Duluth’s director of ‘curriculum and instruction’ Michael Cary says wants to “teach the same lessons” as To Kill a Mockingbird and Huckleberry Finn in other ways, perhaps with finger puppets and classrooms stuffed with cotton wool. Anti-racist texts, see, should contain no hint of the racism they’re satirising and destroying, in much the same way that books on World War 2 should feature no examples of anti-Jewish rhetoric, and histories of the US Civil War contain no violence and examples of ‘hate speech’. The past is the past.
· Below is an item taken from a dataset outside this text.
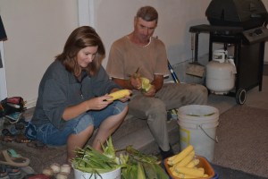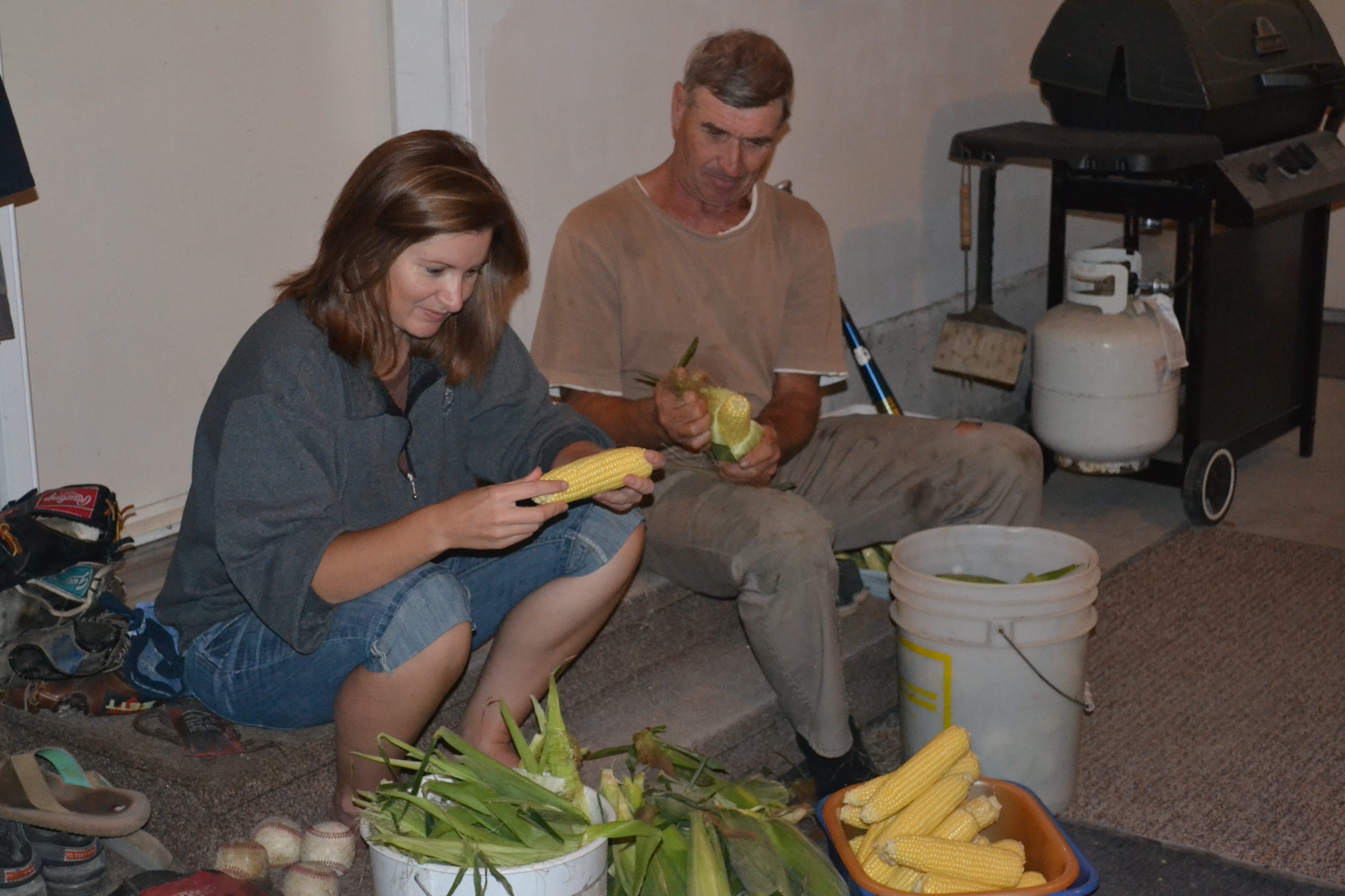 Sweet corn is a summer treat on the Prairies. My mom usually grows a couple rows of corn in her garden. Of course we eat some of the corn on the cob and some we put in bags and store in the freezer to be enjoyed during the winter months. Here is a series of photos showing us doing corn.

If history is not to be repeated it must be forgotten.
“We felt that we could still teach the same standards and expectations through other novels that didn’t require students to feel humiliated or marginalised by the use of racial slurs,” says Carey.
Oddly, this mollycoddling is supported by the National Association for the Advancement of Coloured People, whose regional president Stephan Witherspoon thinks the books are “just hurtful” and use “hurtful language that has oppressed the people for over 200 years”.
“It’s wrong,” he decrees. “There are a lot more authors out there with better literature that can do the same thing that does not degrade our people. I’m glad that they’re making the decision and it’s long overdue, like 20 years overdue. Let’s move forward and work together to make school work for all of our kids, not just some, all of them.”